It is not often in Test cricket that you see a No.7 batsman effortlessly take the fight to the opposition.
You know you are watching a once-in-a-generation cricketer considering that South African wicketkeeper-batsman Quinton de Kock has been doing it with astonishing regularity this year.
The 23-year-old hit two hundreds and four fifties in seven Tests in 2016, and following his assaults Down Under, has drawn comparison with Australian great Adam Gilchrist, who revolutionized the role of the wicketkeeper-batsman.
The role underwent a paradigm shift with Gilchrist —who scored 17 Test hundreds, 26 fifties and often turned matches with his prodigious hitting at No.7, before retiring in 2008.
For, globally thereafter, wicketkeepers were required to be good enough to walk into the side on the strength of their batsmanship alone.
While the likes of Sri Lankan great Kumar Sangakkara and Kiwi Brendon McCullum were primarily top-order batsmen who turned out to be excellent wicketkeepers, the shift saw the emergence of the likes of India’s M.S. Dhoni, de Kock and Jonny Bairstow manning the gateway to the tail.
The new breed of wicketkeeper-batsmen added depth to their side’s batting, but some of them turned out to become game changers; adapting to situations and equally adept against both spin and pace—with the second new ball, more often than not, around the corner.
De Kock has raised the bar by a few notches in contemporary cricket, with his ability to scrap and stay with the tail or shift gears to tighten the screws after the top-order has fired.
Not to forget his physically demanding primary role—an acrobatically accomplished glove-man with already 50 dismissals in 13 Tests, 96 in 69 ODIs and another 36 in 29 Twenty20 Internationals. Interestingly, de Kock got his international break in a T20I in December 2012 after A.B. de Villiers requested for his workload to be reduced.

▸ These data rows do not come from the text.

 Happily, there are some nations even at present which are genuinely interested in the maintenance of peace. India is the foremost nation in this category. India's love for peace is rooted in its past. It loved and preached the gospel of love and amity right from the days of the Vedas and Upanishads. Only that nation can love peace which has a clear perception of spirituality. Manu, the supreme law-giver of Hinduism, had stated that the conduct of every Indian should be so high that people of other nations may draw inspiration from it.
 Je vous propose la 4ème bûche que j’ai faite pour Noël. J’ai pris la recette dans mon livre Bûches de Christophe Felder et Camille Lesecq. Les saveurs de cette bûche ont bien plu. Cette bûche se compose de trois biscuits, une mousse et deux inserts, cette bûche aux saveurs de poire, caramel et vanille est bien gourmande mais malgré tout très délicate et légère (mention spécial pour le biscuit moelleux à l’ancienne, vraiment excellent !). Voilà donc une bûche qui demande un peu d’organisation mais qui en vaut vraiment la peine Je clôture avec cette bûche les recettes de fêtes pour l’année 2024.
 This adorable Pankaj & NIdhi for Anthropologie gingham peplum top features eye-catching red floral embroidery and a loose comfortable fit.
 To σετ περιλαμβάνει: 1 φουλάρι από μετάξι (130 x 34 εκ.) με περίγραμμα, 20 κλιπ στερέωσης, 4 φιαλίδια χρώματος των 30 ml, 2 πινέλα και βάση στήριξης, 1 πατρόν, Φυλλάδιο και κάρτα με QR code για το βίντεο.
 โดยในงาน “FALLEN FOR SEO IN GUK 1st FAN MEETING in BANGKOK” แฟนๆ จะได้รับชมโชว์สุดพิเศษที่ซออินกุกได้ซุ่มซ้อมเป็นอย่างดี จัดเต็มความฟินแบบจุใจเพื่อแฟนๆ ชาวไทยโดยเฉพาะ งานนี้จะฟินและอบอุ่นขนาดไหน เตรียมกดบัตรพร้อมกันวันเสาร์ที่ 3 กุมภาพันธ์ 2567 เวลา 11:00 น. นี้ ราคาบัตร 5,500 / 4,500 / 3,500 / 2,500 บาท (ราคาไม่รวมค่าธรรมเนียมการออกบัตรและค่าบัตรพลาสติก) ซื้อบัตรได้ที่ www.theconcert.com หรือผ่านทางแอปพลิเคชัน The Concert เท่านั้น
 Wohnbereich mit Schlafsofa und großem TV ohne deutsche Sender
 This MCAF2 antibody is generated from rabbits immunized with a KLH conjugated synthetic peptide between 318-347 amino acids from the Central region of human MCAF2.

The Johannesburg-born opens the batting in the shorter formats like Gilchrist did, and with tremendous success, having scored 11 hundreds and eight fifties in 69 One Day Internationals, racking up 2,850 runs at a scoring rate of 94.55.

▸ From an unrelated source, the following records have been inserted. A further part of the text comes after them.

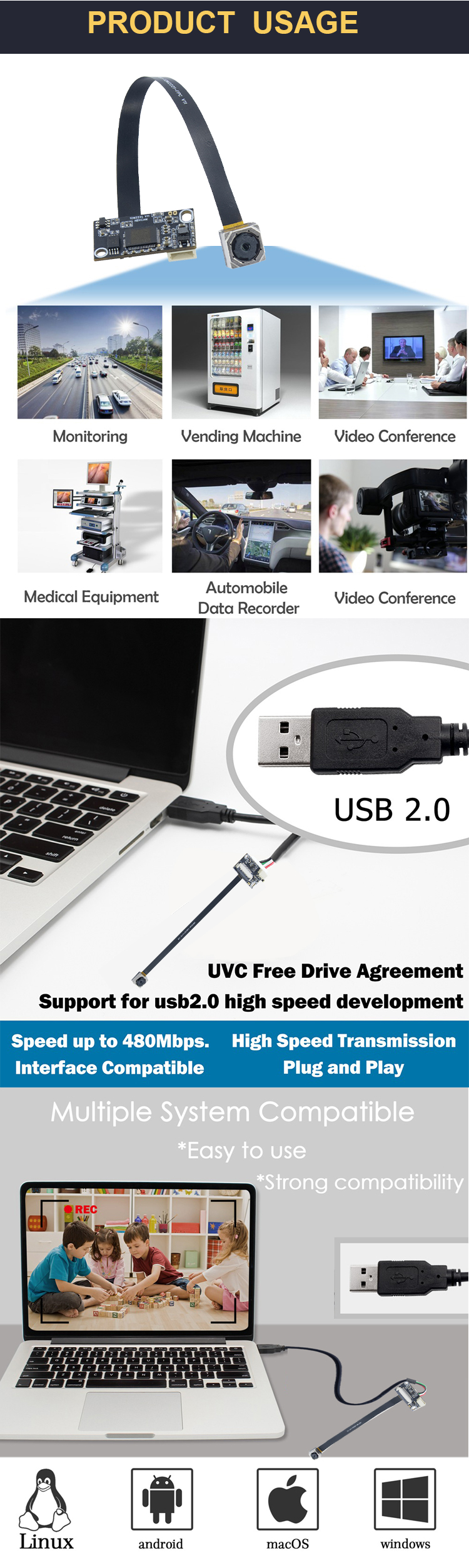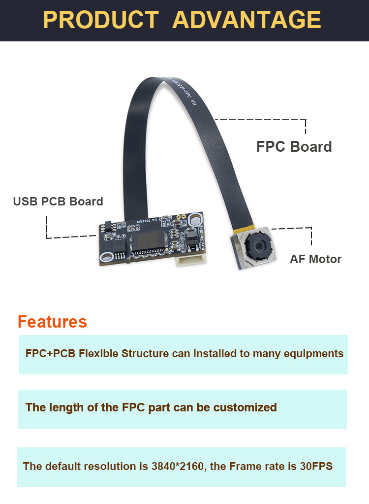1. Flexible structure and small volume of split soft and hard boards2. The FPC part can be customized in length and shape3. Default 4K resolution 3840x2160 mjpeg 30 frames4. Installation hole position compatible with 1466 product structure
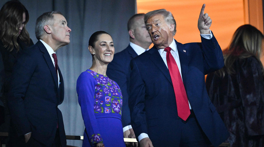 美国总统特朗普与墨西哥总统辛鲍姆和加拿大总理卡尼一起出席抽签仪式。
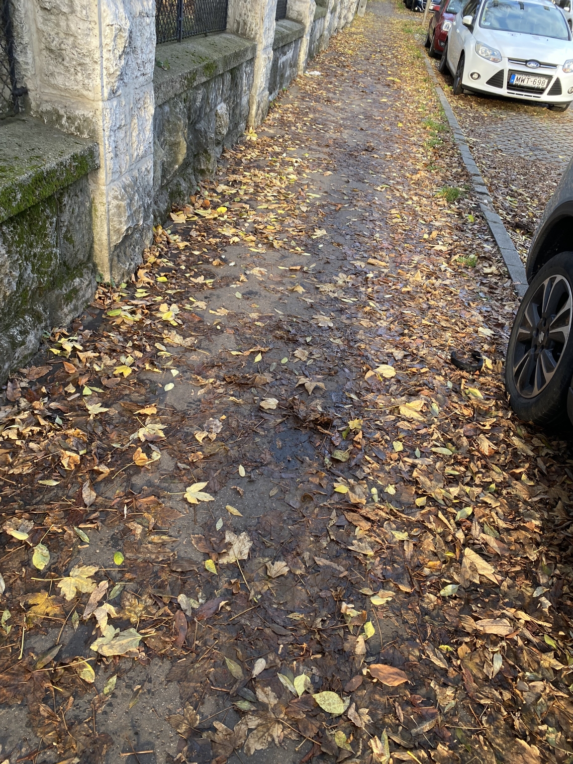 A nedves, letapadt falevelektől a járda nagyon csúszik. Kérem szíves intézkedésüket.
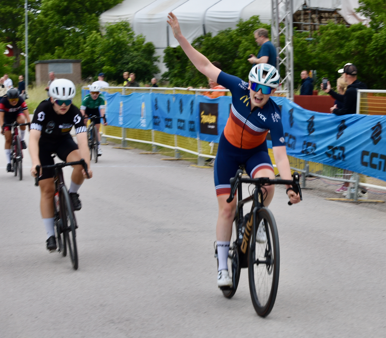 ”Jag kände faktiskt inte av den alls. Jag hade så ont i benen ändå att det inte gjorde någon skillnad. Man ska ju inte titta bakåt i det läget. Men jag gjorde det ändå. Och inför de sista 200 meterna kände jag att jag ska nog kunna ta det här ändå utan att ramla av cykeln av trötthet just efter mållinjen… man är ju så hög på adrenalin så man känner inte hur trött man är på slutet heller. Det känns ju efteråt, liksom…”
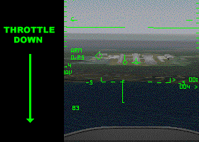 OK, so that is basically it. You will want to control the location of the FPM with the stick and the AOA with the throttle. Once you get used to this then landing becomes easy. Once all three conditions are met and you are on a proper approach your speed will be exactly where it should be (about 140 kts for a light aircraft and 170 kts for a heavy one). This approach of monitoring the FPM marker and the AOA bracket is helpful in that you don't have to worry about proper speeds for proper weight. Many F4.0 pilots find themselves falling out of the sky because they attempt landings using speed and get their speed wrong (too slow). A high airspeed results in lower AOA landings that could have dire consequences in the form of bouncing or crashing. Staying on the glideslope with a proper AOA keeps you from having to worry about airspeed at all.
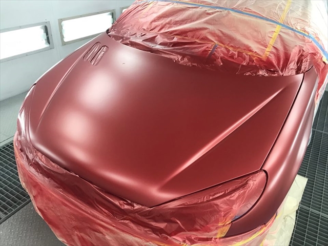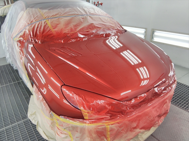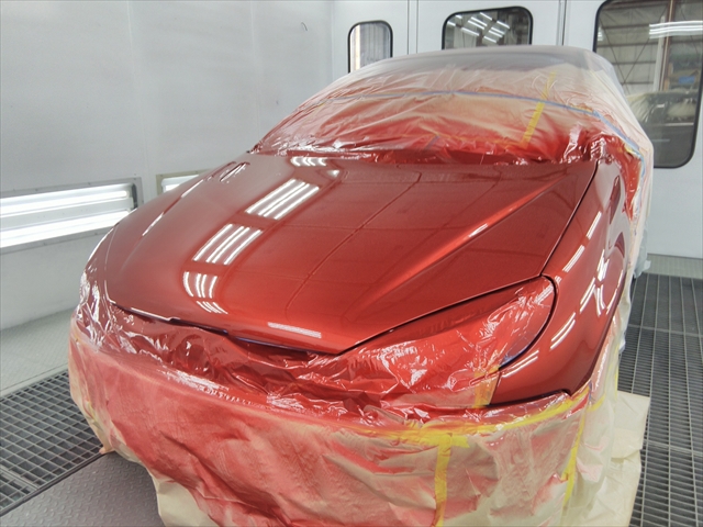 多角型分光測色機「アクワイヤーRXスタンダード」で正確に調色した環境にやさしい水性ベースコートを、チリやホコリをシャットアウトした塗装ブース内で慎重に塗装します。ベースコートの上にはVOCクリヤーを塗装後、塗装ブース内で温風による乾燥及び、近赤外線短波乾燥機による2工程の強制乾燥を行います

De Kock plundered three successive ODI hundreds against India at home in 2013, and two more in a five-ODI series in India last year.

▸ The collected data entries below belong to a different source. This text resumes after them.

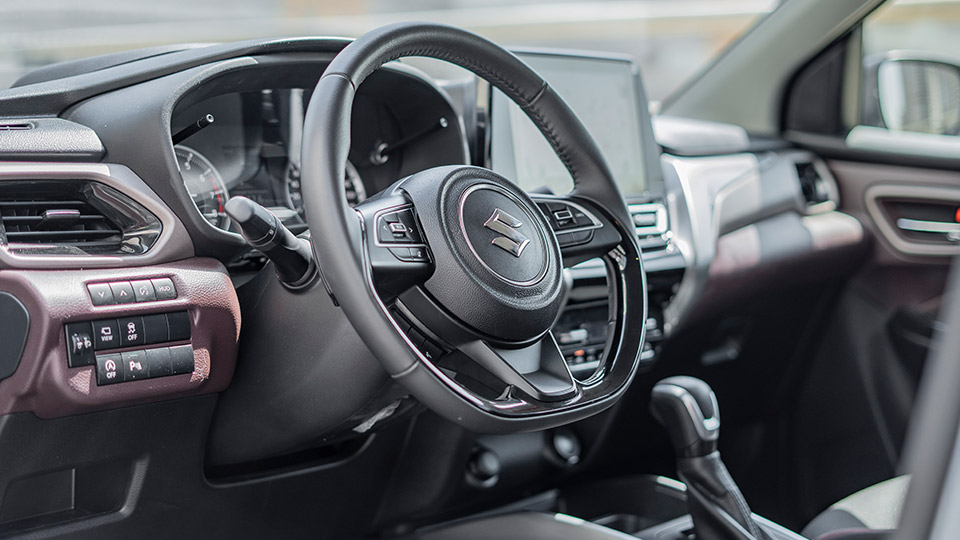 کابین فرانکس شباهت زیادی به بالنو دارد اما با جزئیات لوکستر. داشبورد دو رنگ، دریچههای تهویه دایرهای، صفحه نمایش ۹ اینچی لمسی با پشتیبانی از اندروید اتو و اپل کارپلی، و صفحه کیلومتر دیجیتال-آنالوگ جزو نکات مثبتاند. کیفیت متریال در حد خودروهای اقتصادی است اما مونتاژ مرتب و بینقص سوزوکی حس اطمینان میدهد.
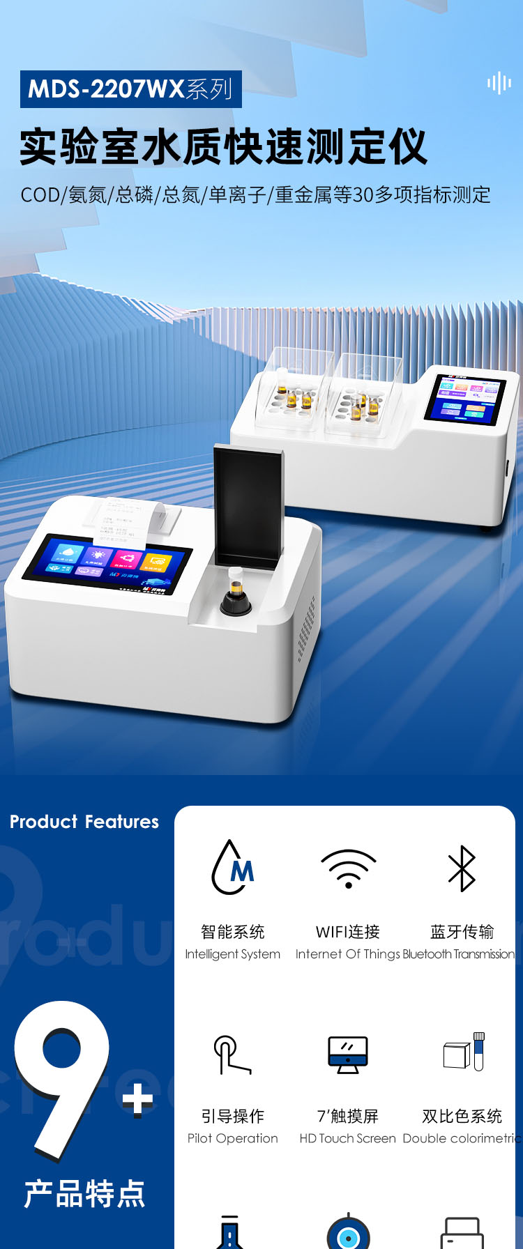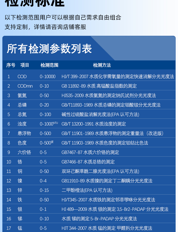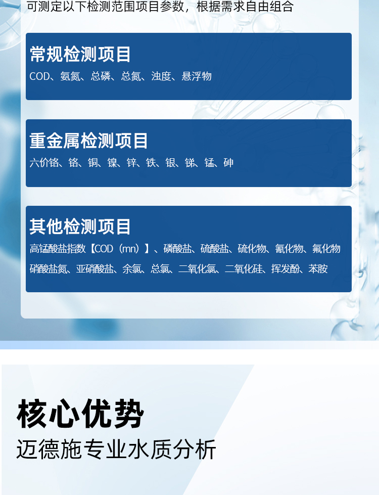 支持COD、氨氮、總磷、總氮、單離子、重金屬等30多項指標測定。
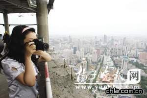 昨天上午,記者來(lái)到位于鼓樓廣場(chǎng)北側(cè)的紫峰大廈施工現(xiàn)場(chǎng),由于還在施工階段,記者只能通過(guò)運(yùn)送建筑材料的升降機(jī)從1樓往觀光平臺(tái)駛?cè)ィ捎谏禉C(jī)四周是用鐵絲網(wǎng)焊接起來(lái)的,起初還沒(méi)有感覺(jué),隨著升降機(jī)的抬升,離地面越來(lái)越遠(yuǎn),四周高樓的樓頂也漸漸地被“踩”在了腳下,此時(shí)心里產(chǎn)生恐懼感,一動(dòng)不動(dòng)地站在原地,生怕自己將鐵絲網(wǎng)弄壞了掉下去……72層到了,隨著升降機(jī)的停駛,記者艱難地邁出了腳步到達(dá)了72層。樓太高了,看玄武湖也就是一個(gè)洗腳盆那么大;看紫金山?我們這樓才可以真正和它“平視”。
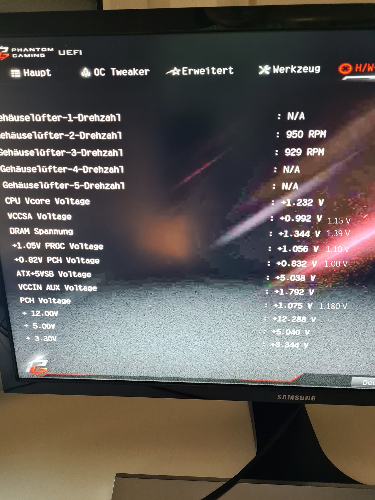 schon versucht?BmwM3Michi schrieb:wenn du dich traust kannst du mal im Bios ein paar Spannungen erhöhen und damit testen.
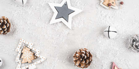 Festive Christmas background with Christmas decorations and snow. Flat lay, top view.

His impact on the game’s longest format has been nothing short of remarkable this year, as the boyish-looking de Kock, who, while growing up, toyed with the idea of a baseball career in the US, played a key role in South Africa’s third successive Test series victory in Australia in November.
In the opening Test at Perth, de Kock hit a 101-ball 84 in the first innings to help lift the side from 81-5 to 242, and a 100-ball 64 as the visitors took a 1-0 lead in the three-match series.
“He’s probably the closest wicketkeeper-batsman to Adam Gilchrist that we’ve seen since he retired,” former Australian batsman Ricky Ponting told BT Sport television after the Test.
“Just the way he’s able to dictate to the bowlers, the way he wants to play… but it’s the rate that he scores that’s the most impressive. He slots into that No.7 spot perfectly for the South African team. It’s class batting, really,” he added.
De Kock smashed a 143-ball 104 in the second Test in Hobart to help the visitors recover from 132-5 to post a competitive 326. South Africa won by an innings and 80 runs to seal the series without top batsman de Villiers and premier fast bowler Dale Steyn, out with injuries.
De Kock played down comparison to Gilchrist. “I don’t see myself being like him…that’s the way I like to play,” he told reporters after the Hobart hundred. “The conditions determine how I play, I guess.”
It was in January this year that de Kock scored his maiden Test century, in the final Test against England in Centurion, after not being part of the Test tour of India late last year. In the only occasion that he opened in Test cricket, de Kock hit 82 and 50 against New Zealand to help hosts South Africa clinch the two-match series 1-0 in August.
De Kock averages an impressive 50.17 in 13 Tests since making his debut in February two years ago at home against Australia.
“A team has more chances of winning Test matches when you got a wicket keeper who is an excellent batsman walking in at No.7,” says former India wicketkeeper Kiran More, who played in 49 Tests and 94 ODIs from 1984-1993.
“That’s how the game is developing, the focus is on all-round abilities, it also gives the team options, to maybe play an extra seamer or two specialist spinners, depending on the conditions,” adds More, who was India’s chief selector from 2003-2006.
While we’ll never know how de Kock’s baseball career would have panned out, he certainly appears to have the makings of a great cricketer.